Si este hombre realmente estaba enamorado de Vanessa, me impresionaba que no sintiera celos al insinuar que ella podría acostarse con el que hoy era mi marido. O tal vez, solo tal vez, esto era un juego en el que ambos nos estábamos ungiendo para beneficiarnos mutuamente.

—Mucho gusto —continuó el hombre, extendiendo su brazo y acercándose hasta mi pecho. Para mi asquerosidad, sacó la lengua y lamió la parte de mis senos que relucía bajo el escote pronunciado de mi vestido corto—. Saben rico —dijo con desdén—. Quiero que adivines cómo me llamo.

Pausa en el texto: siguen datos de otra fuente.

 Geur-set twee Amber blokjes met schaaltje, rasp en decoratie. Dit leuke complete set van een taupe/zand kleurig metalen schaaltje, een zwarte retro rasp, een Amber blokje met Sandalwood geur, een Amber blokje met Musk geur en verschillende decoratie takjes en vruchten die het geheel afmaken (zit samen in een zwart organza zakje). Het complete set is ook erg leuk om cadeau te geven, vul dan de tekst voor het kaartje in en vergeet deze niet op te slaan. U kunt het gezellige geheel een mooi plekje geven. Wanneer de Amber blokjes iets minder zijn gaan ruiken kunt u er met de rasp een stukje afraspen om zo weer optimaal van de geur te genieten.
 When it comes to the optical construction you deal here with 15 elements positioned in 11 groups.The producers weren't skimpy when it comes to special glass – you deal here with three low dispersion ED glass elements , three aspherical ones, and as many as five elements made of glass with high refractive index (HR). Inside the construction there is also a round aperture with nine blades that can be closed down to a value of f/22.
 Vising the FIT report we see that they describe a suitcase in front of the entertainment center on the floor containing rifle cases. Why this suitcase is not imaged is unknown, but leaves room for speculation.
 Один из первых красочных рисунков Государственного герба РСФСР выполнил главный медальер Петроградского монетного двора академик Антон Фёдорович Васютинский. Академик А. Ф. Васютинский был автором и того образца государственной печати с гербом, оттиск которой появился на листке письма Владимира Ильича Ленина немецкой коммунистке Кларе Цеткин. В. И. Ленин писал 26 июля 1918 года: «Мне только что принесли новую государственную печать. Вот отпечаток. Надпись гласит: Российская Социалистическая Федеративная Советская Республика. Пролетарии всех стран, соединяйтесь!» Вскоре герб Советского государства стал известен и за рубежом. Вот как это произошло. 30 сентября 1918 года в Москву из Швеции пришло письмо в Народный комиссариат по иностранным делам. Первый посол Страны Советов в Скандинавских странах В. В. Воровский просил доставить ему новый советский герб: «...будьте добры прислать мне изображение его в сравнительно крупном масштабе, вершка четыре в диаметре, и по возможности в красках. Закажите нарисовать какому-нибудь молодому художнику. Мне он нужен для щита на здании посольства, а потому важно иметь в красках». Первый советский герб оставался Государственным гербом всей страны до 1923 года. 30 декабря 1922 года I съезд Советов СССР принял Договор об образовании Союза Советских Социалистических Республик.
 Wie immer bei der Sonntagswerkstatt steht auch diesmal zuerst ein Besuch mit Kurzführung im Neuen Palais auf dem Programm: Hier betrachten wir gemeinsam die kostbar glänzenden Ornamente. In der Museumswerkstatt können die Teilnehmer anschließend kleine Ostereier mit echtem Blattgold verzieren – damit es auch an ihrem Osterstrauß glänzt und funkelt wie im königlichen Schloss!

—¿Me dirás que te llamas Alfredo? ¿Ernesto? ¿Qué otro nombre insinuante? —pregunté, recordando a mi marido mientras pensaba en Alfredo.

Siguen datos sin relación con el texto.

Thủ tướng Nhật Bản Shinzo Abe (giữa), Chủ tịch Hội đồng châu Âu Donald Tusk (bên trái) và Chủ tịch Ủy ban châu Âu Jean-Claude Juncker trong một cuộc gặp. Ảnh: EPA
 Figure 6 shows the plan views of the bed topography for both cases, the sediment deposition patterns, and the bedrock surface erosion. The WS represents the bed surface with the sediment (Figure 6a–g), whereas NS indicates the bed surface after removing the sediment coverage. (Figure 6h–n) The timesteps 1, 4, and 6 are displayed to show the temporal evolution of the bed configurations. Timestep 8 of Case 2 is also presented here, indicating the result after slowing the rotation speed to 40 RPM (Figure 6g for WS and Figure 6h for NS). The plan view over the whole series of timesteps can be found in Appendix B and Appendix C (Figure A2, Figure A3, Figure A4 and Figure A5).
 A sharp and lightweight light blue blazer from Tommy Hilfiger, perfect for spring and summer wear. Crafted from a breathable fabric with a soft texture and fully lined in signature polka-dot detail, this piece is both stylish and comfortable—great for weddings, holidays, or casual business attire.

—Mucho gusto… Rómulo —dijo, relamiéndose los labios después de haber pasado su lengua por mis pechos—. De cualquier forma, aún queda la duda de si en algún momento puedes denunciarme, lo cual dudo. Pues terminarás en la cárcel, en tu propia prisión. Pero si algún día decides hacerlo, diré lo siguiente: ese nombre podría ser falso. Eso nunca lo sabrás. Mi verdadero nombre es algo que no es de tu conocimiento, y siempre se mantendrá la duda de si lo que te he dicho es verdad o mentira.

—Mientras tanto, señorita mujerzuela… un gusto. Soy Rómulo —dijo, mordisqueando primero mi labio inferior y luego el superior.

Dios mío… ¿esto sería el infierno o una maldita acusación?

—Por cierto… —dijo el hombre, sentándose al lado del catre donde yo aún me encontraba de rodillas—. Se me olvidaba mencionarte algo. Parece que tu marido, en el fondo, sí te quiere. Me dijo que empezaría a juntar los tres millones. Y la señorita Vanessa, sí… esa misma zorra —cayó el hombre en un silencio burlón—, la ha llamado por teléfono. Quiere cumplir uno de los tres argumentos.

Lo miré con el ceño fruncido, sin entender del todo sus palabras, aunque una punzada de miedo me recorrió el pecho.

—Por cierto, si no es mucha molestia para ti, zorrita, debo decirte que tu maridito resultó ser más golfo de lo que pensabas. Está dispuesto a pagar las tres condiciones: los tres millones… un divorcio… y una noche. Quiere volver a revolcarse con Vanessa. Lamento informarte que no es tan fiel como creías, cariño.

El corazón se me partió en mil pedazos. Sentí como si un puñal invisible se hundiera en mi pecho, desgarrándome desde adentro. Apreté los labios para no sollozar, pero la imagen de Lucas besándola, tocándola, volviendo a perderse en sus brazos… me torturaba. Quizá todos tenían razón. Quizá Lucas nunca me quiso y todo había sido una ilusión. Tal vez solo era otro manipulador más, y yo, la tonta que había caído en su red.

Aun así, me aferré a una esperanza quebradiza. ¿Y si él realmente me amaba? ¿Y si lo estaba haciendo por mí, por salvarme? La idea de que Lucas estuviera dispuesto a pasar una noche con otra mujer por mi vida me resultaba tan dolorosa como aterradora.

El hombre se levantó, caminó lentamente hacia la puerta y, antes de salir, se giró para mirarme por última vez. Su expresión ya no era solo burlona, sino cansada. Parecía harto de mi sufrimiento, como si disfrutarlo le hubiera agotado de tanto hacerlo.

—¿Sabes? —dijo con una sonrisa torcida—. Lo divertido de esto es que crees que él lo hace por amor… cuando en realidad lo hace por lástima. Dime, ¿de verdad vale la pena sufrir por alguien que, en el fondo, no te respeta?

Sin esperar una respuesta, se giró y cerró la puerta tras de sí, asegurándose de que quedara bien trabada. Yo me quedé allí, sola, temblando, sintiendo cómo la oscuridad de la habitación se filtraba en mi alma. Las lágrimas comenzaron a rodar por mis mejillas mientras el frío de la incertidumbre y el miedo me invadían por completo. No sabía si sobreviviría, pero lo que más me aterraba era no saber si quería hacerlo. Porque a veces, lo más doloroso no es el secuestro, sino darse cuenta de que quizá, solo quizá, nunca fuiste lo suficientemente amada.